[GIS] the most efficient way to create a shapefile from resultset using geotools

geotoolsshapefile

I am facing a problem to write to shapefile (geotools) with respect to time, memory etc.

My workflow is something like reading spacial data from database Oracle with attributes and coordinates (can any point,line,polygon (very large data)) for that i am writing one record to shapefile and then flush the featurecollection so that ditch the outofmemory problem i am using DefaultTransaction. but when i do that it works fine for about 700 features but then the commit function takes more time to write to shapefile what i observed on starting about 2 min and then time keep increasing about 10 to 15 min to 30 mins and keep going… i try different thing like writing chuck in featuer (500) to shapefile but no help. I also observed that the total size of the shapefile writen through geotools is far more then writing shapefile using like arcobject or mapobject java.

here is my code please tell me if there is anyother way to write to shapefile in efficient way…

Transaction transaction = new DefaultTransaction("create");

        String typeName = newDataStore.getTypeNames()[0];
        SimpleFeatureSource featureSource = newDataStore.getFeatureSource(typeName);
        SimpleFeatureStore featureStore = (SimpleFeatureStore) featureSource;
        featureStore.setTransaction(transaction);

        while( _resultSet.next() )
        {
            setRecord();

            SimpleFeature feature = featureBuilder.buildFeature(null);
            featurecollection.add(feature);
            featureStore.addFeatures(featurecollection);

                transaction.commit();
                featurecollection.clear();
        featureCount++;
            if (featureCount % 10 == 0) 
            {
                _logger.info("Rows Processed: " + featureCount);
            }

        }

        reportResults(featureCount);

        transaction.close();
    }

A part from that i also see an amazing thing using geotools when we call transaction.commit() it first copy features in to temp space but the amazing thing is that after about 4000 feature the temp files size is about 3GB. why is that i have no idea.. any comments on this will help me to understand the problem.

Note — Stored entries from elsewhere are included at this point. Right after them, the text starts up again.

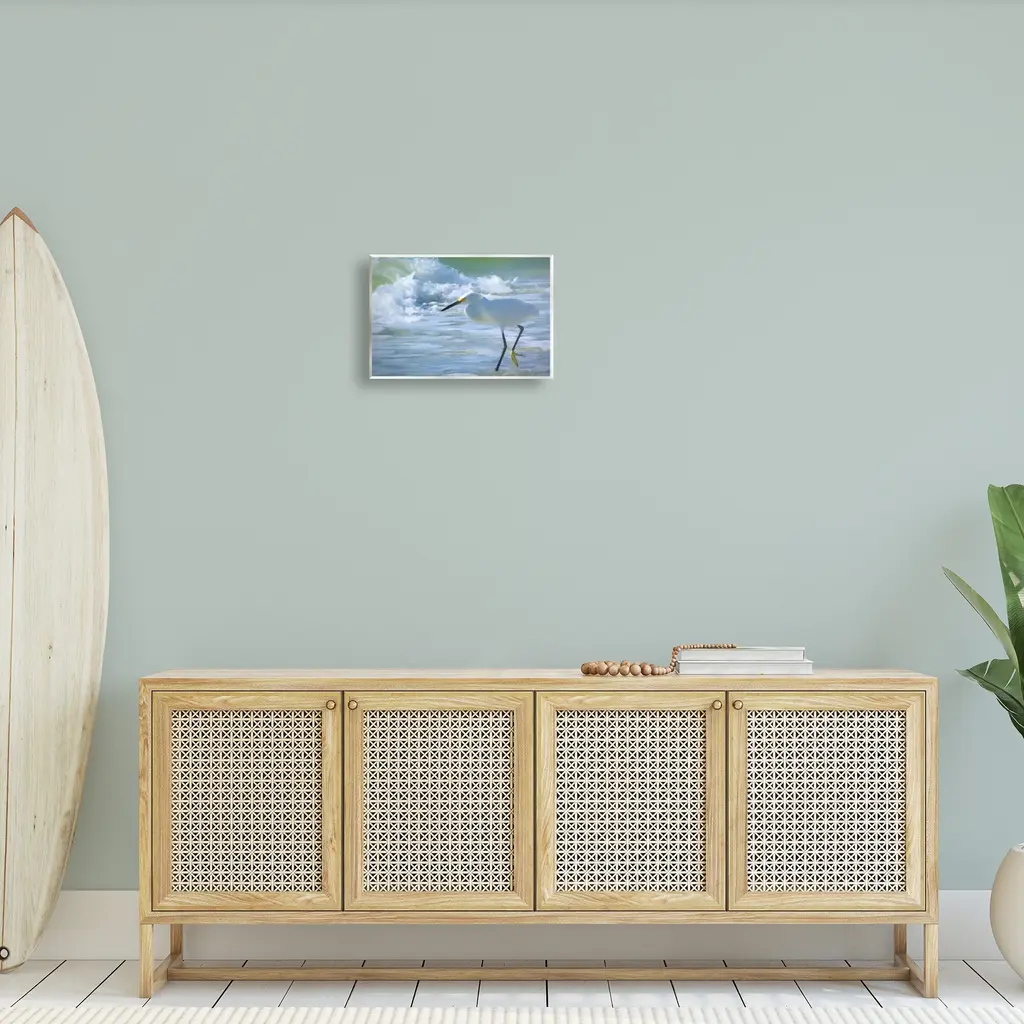 Our wall plaques start as high-quality lithograph prints mounted on durable 0.5-inch thick MDF wood. Each piece is hand finished and comes with a fresh layer of white foil on the sides to give it a crisp, clean look. Plaques arrive ready to hang without installation and come with removable plastic corners to keep them from damage in transit. Stupell Wall Art is made in the USA.Features: Dimensions: 15 x 0.5 x 10 InchesWall Plaque Product Sizes Include 15"x10" and 19"x13". All wall plaque products have a 0.5" Depth. Wall Art is Ready to Hang with Hardware Free Hanging. No installation required. For Easy Set Up Lean or Layer Artwork on Shelf or Against Wall.All of our wall plaques start off as high quality lithograph prints that are then mounted on durable 0.5 inch thick MDF wood. Each piece is hand finished and comes with a fresh layer of foil on the sides to give it a crisp clean look. Made In USA.Artwork Relates To: Animal, Bird, Waterfowl, Heron, Egret, Sea, Water, Stork, Beach, Shore, Wave, SplashDesign by GraffiTee Studios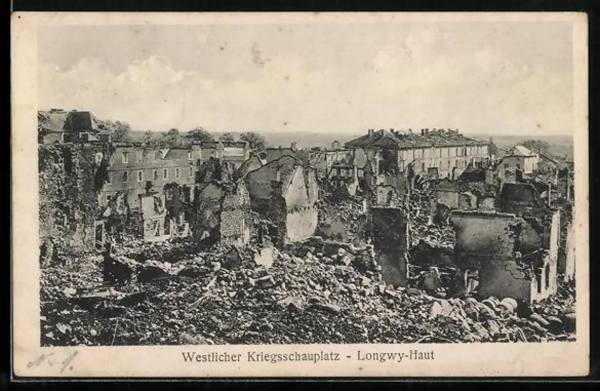 AK Longwy-Haut, Westlicher Kriegsschauplatz, Ortspartie in Trümmern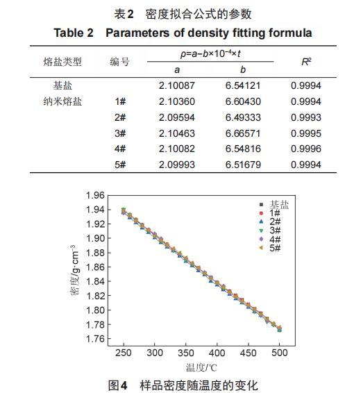 文獻(xiàn)中提出,在熔融鹽中加入SiO2納米顆粒后,由于分子間作用力和納米熔鹽配制過程中的攪拌作用,熔融鹽和納米顆粒在熔鹽體系中會(huì)形成一種納米云核。納米云核中納米顆粒被大量的熔融鹽包裹,此時(shí)SiO2納米顆粒的密度對納米云核的密度影響可以忽略不計(jì),納米云核的密度始終與基鹽的密度保持一致。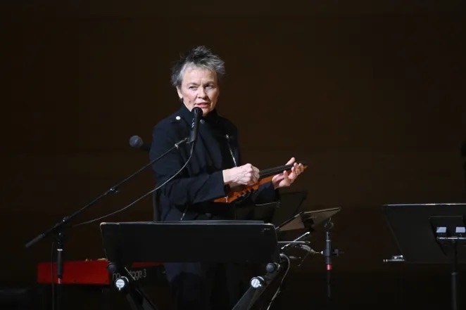 Music also has the capacity to draw people together, she says. “It invades your body quickly,” says Anderson. “If you see people standing in front of a painting, you rarely—even if it’s a painting that moves them incredibly—see them cry. But listen to your favorite song or songs, and people cry all the time. It just comes into your body in a different way and makes you move, makes you cry, and makes you laugh. It’s a very physical art form.”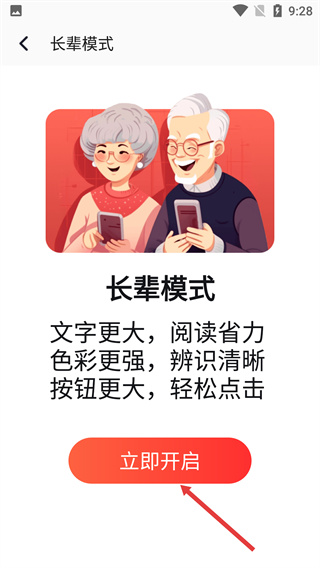 3、在【長輩模式】介紹頁,可了解其“文字更大、辨識清晰”等特點,點擊【立即開啟】按鈕觸發(fā)生效提示。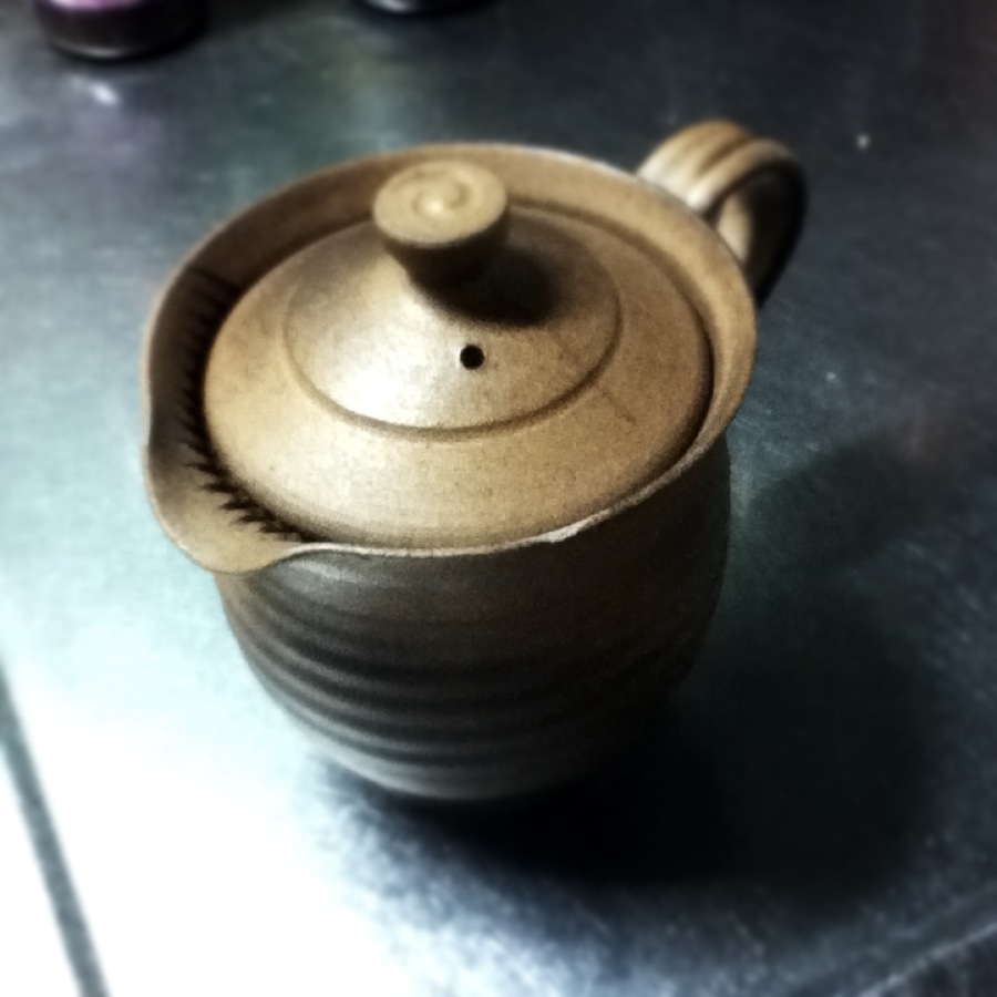 この急須、注ぎ口の縁に沢山の小さな穴が空いていて、これが茶こしを兼ねています。急須の蓋の内側ぐるりに細かな溝が刻まれていてこの細かい穴と溝でお茶のうまみ成分の最後の一滴まで絞り取れる、という歌い文句です。因みに写真の蓋に亀裂が入っているのは、うちで購入直後に落として割ったからです。高かったので接着剤でくっつけて使っています。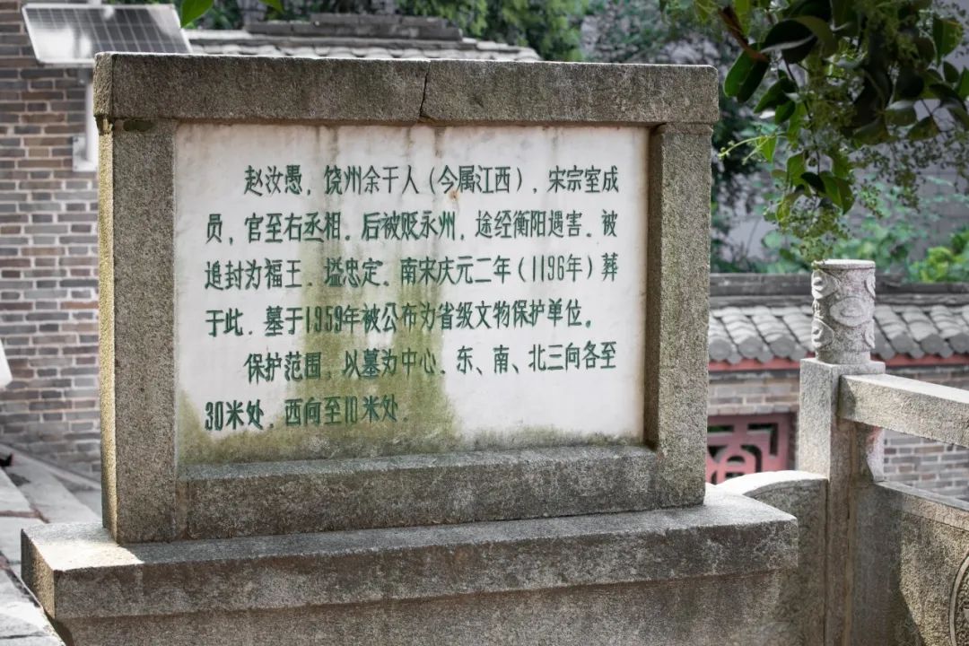 福王墓即赵汝愚墓,位于妙高峰北麓青山祠,占地约500 平方米。墓葬坐南朝北,南依妙高峰,北据高约 4 米的石基使慕地成为依山之台地。台地中部有椭圆形墓冢,以花岗石砌墓围,南面依山处砌高约 2 米的围墙,东南角有门与外相通,北面临石基有石护栏,东西各立华表。石基中间有台阶 30 余级基壁上嵌石碑,碑上首刻“南宋忠定赵福王墓”,下首刻“南宋庆元二年丙辰安葬,清宣统二年庚成续修”,中为清末长沙名士叶德辉所撰碑记。台基前方约 10 米处右侧有墓庐。赵汝愚为饶州余干(今属江西)人,宋宗室,官至右丞相,被韩任胄所诬贬永州时经衡阳遇害,后追封为福王溢忠定。因死于旅途,葬址说法不一,此墓或为衣冠冢。为湖南省文物保护单位。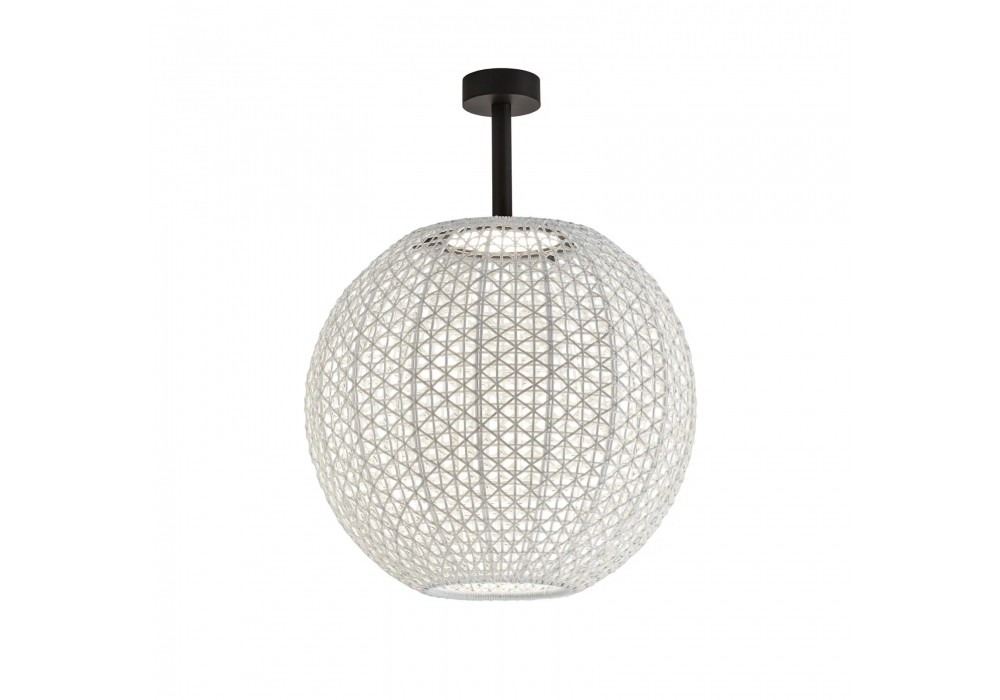 Nans Sphere diseñada por Joana Bover para Bover es una lámpara de techo de exterior con estructura portante en acero inoxidable y aluminio pintado en marrón grafito. La pantalla tiene forma esférica en fibra sintética con difusor de policarbonato y apantalla una fuente de luz LED con sistema dimmer Triac. Nans Sphere está disponible en diferentes acabados y modelos.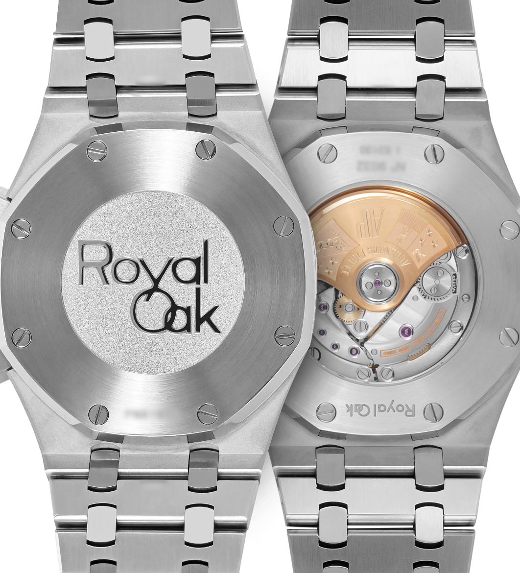 A Royal Oak can either have a solid or an exhibition caseback. The name of the collection should be present on the caseback, however, its placement could vary from model to model. A genuine Audemars Piguet Royal Oak will feature important hallmarks, for instance, the reference or serial numbers. Such numbers must be verified in order to establish the watch’s authenticity. In addition, limited edition watches might have elaborate imagery or script. All engravings should be legible, clean, and of high quality. Fakes will often have substandard engravings and can be missing letters or numbers.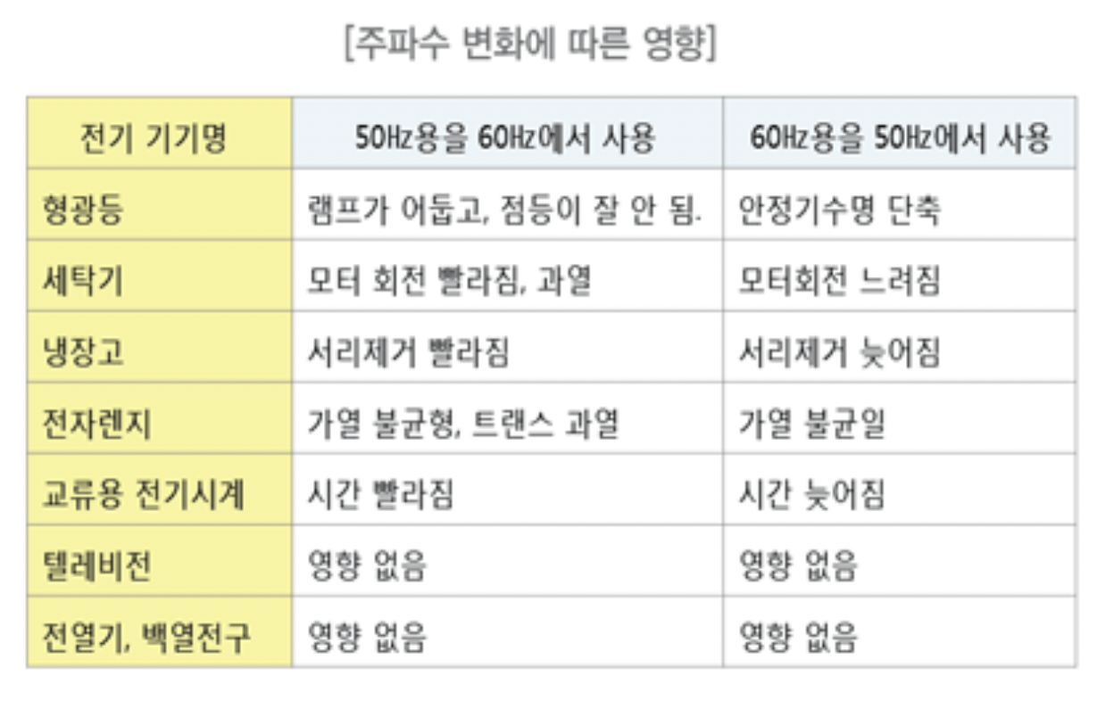 한국은 60Hz를 사용하고 있는데, 60Hz를 50Hz에서 사용하면 다음과 같은 문제가 있다고 한다.

i tried it for 75000 points and 8000 lines (each line contains about 200 points). For lines this commit() function is behaving very badly.. by the way this is the mimimum size of data which i am testing using geotools.

Best Answer

I encountered a similar problem to what you describe, and found the source of the problem after some code inspection.

The main problem is that during the addFeatures call, a CopyOnWriteArrayList is used at some point to store all features that are to be written. (This is regardless if you add your features one at a time, or in batches.) This list implementation does a full copy everytime an item is added to it, so for a large amount of features, this causes an enormous overhead.

By browsing through the code, I learned that this only occurs when actually using a Transaction. If you do not specify one (and GeoTools falls back on a Transaction.AUTO_COMMIT mode), another implementation is used.

In short, if you drop all transaction related code, your problem should be solved. In my case, the time for writing around 200k points went from 40s to 13s, and memory usage was significantly better.